• **Information provided**
........
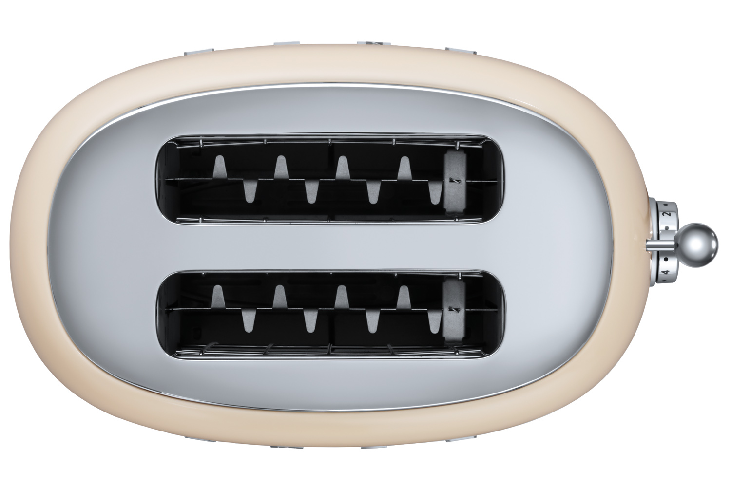 In addition to its excellent performance, the Smeg toaster adds a touch of elegance to my kitchen with its 50's retro style and cream color. It fits in perfectly with my light brown creamy cabinets, and I love how it looks on my kitchen counter.
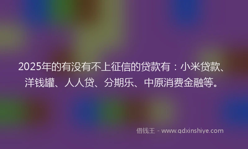 2025年的有没有不上征信的贷款有:小米贷款、洋钱罐、人人贷、分期乐、中原消费金融等。
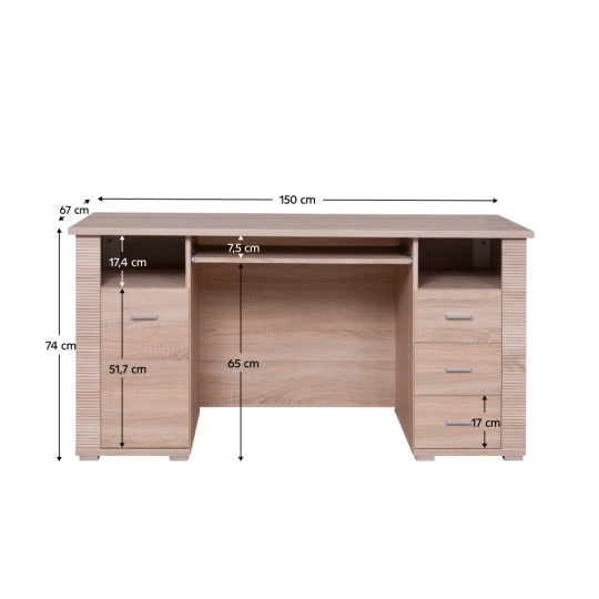 ;"PC stůl typ 22, vhodný na zařízení obývacích pokojů, ložnic i pracoven, materiál: DTD laminovaná. Hrany jednotlivých komponentů jsou ukončeny vroubkovanou lištou. Barevné provedení: dub sonoma. Rozměry (ŠxVxH): 155x76x67 cm. Tloušťka materiálu korpus: 16 mm Tloušťka materiálu vrchní desky: 22 mm Dodávána v demontu, pouze na objednávku s dodací lhůtou 3-5 týdnů.
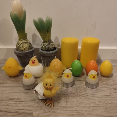 Her er blant annet strikkede kyllinger, høner, eggevarmere, stearinlys og lysmansjetter. Gir masse påskestemning eller kan brukes som ingredienser til påske-verksted.
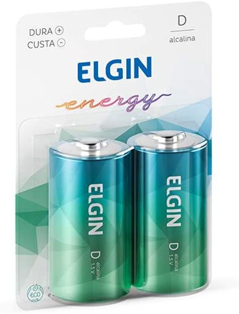 Pilha Alcalina Grande D Cartela com 2 Peças Elgin
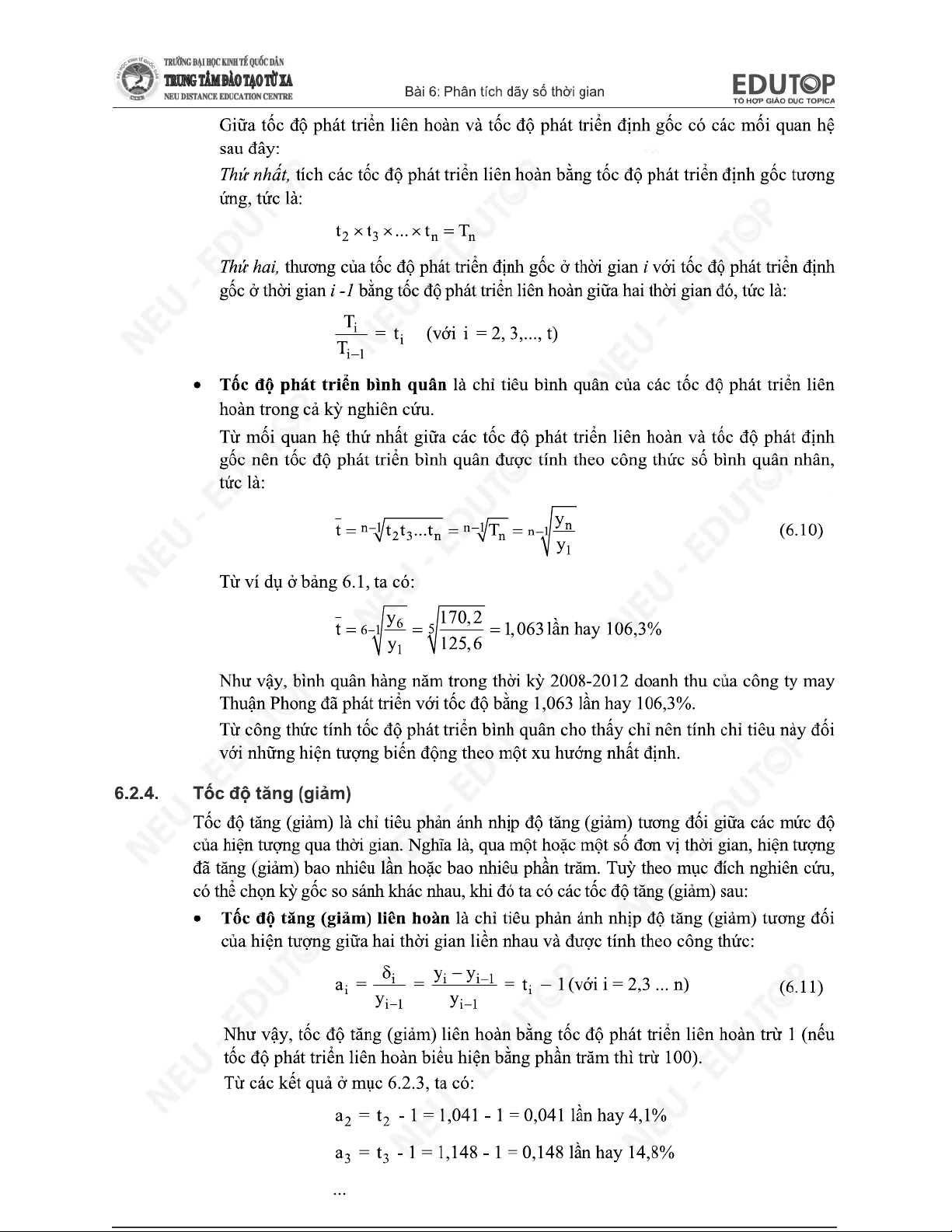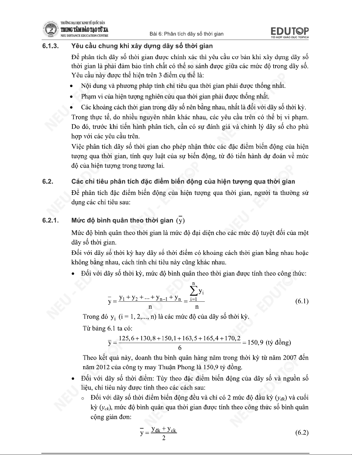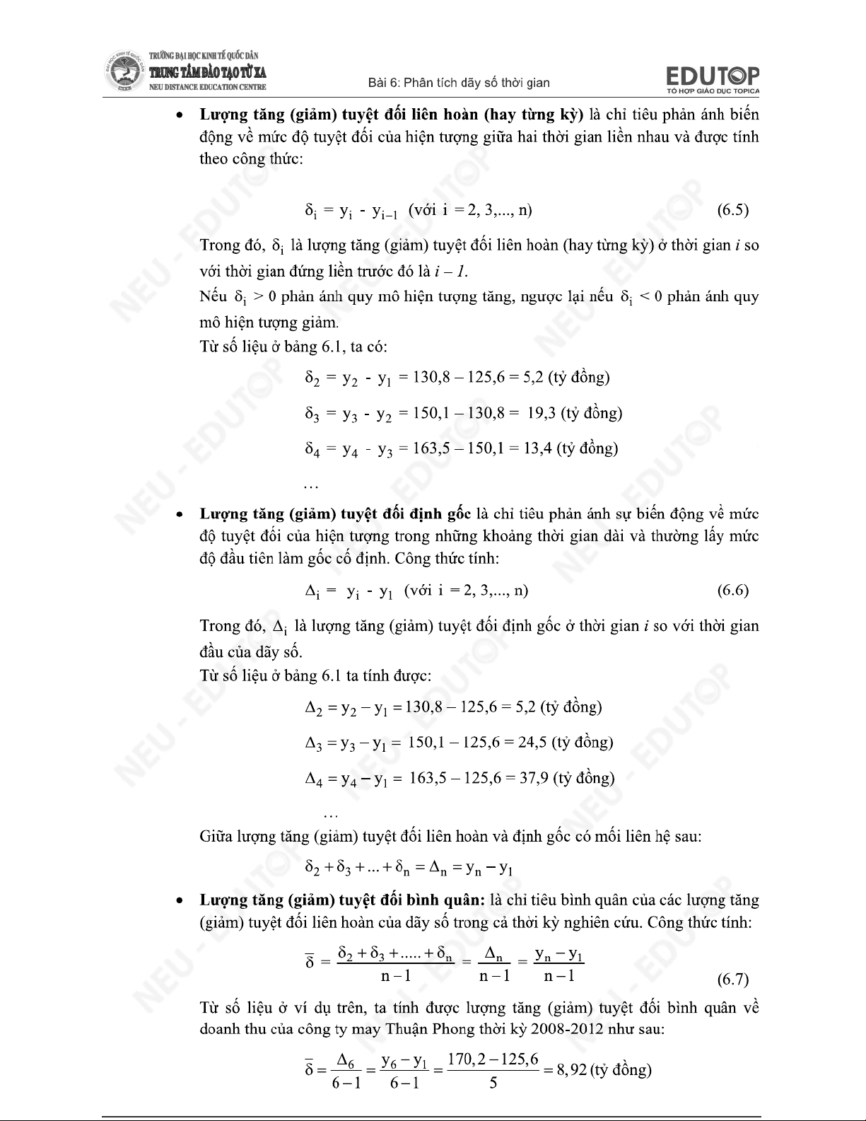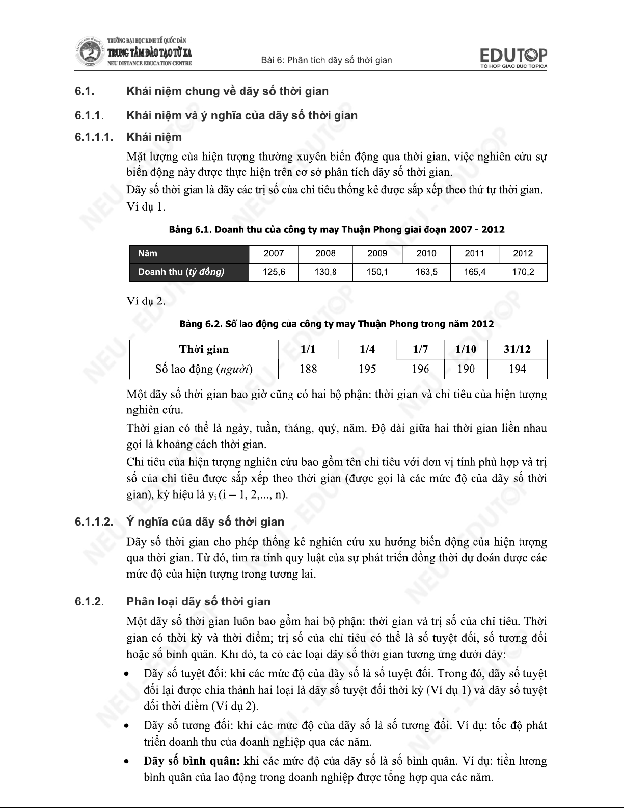 Chương 7 - Phân Tích Dãy Số Thời Gian môn Thống kê trong kinh tế và kinh doanh | Trường Đại học Kinh tế Quốc dân
........
• **Work order**
Reproduce the data exactly as it appears above. Pictures are to be left out.

• **Answer space**
 In addition to its excellent performance, the Smeg toaster adds a touch of elegance to my kitchen with its 50's retro style and cream color. It fits in perfectly with my light brown creamy cabinets, and I love how it looks on my kitchen counter.
 2025年的有没有不上征信的贷款有:小米贷款、洋钱罐、人人贷、分期乐、中原消费金融等。
 ;"PC stůl typ 22, vhodný na zařízení obývacích pokojů, ložnic i pracoven, materiál: DTD laminovaná. Hrany jednotlivých komponentů jsou ukončeny vroubkovanou lištou. Barevné provedení: dub sonoma. Rozměry (ŠxVxH): 155x76x67 cm. Tloušťka materiálu korpus: 16 mm Tloušťka materiálu vrchní desky: 22 mm Dodávána v demontu, pouze na objednávku s dodací lhůtou 3-5 týdnů.
 Her er blant annet strikkede kyllinger, høner, eggevarmere, stearinlys og lysmansjetter. Gir masse påskestemning eller kan brukes som ingredienser til påske-verksted.
 Pilha Alcalina Grande D Cartela com 2 Peças Elgin
 Chương 7 - Phân Tích Dãy Số Thời Gian môn Thống kê trong kinh tế và kinh doanh | Trường Đại học Kinh tế Quốc dân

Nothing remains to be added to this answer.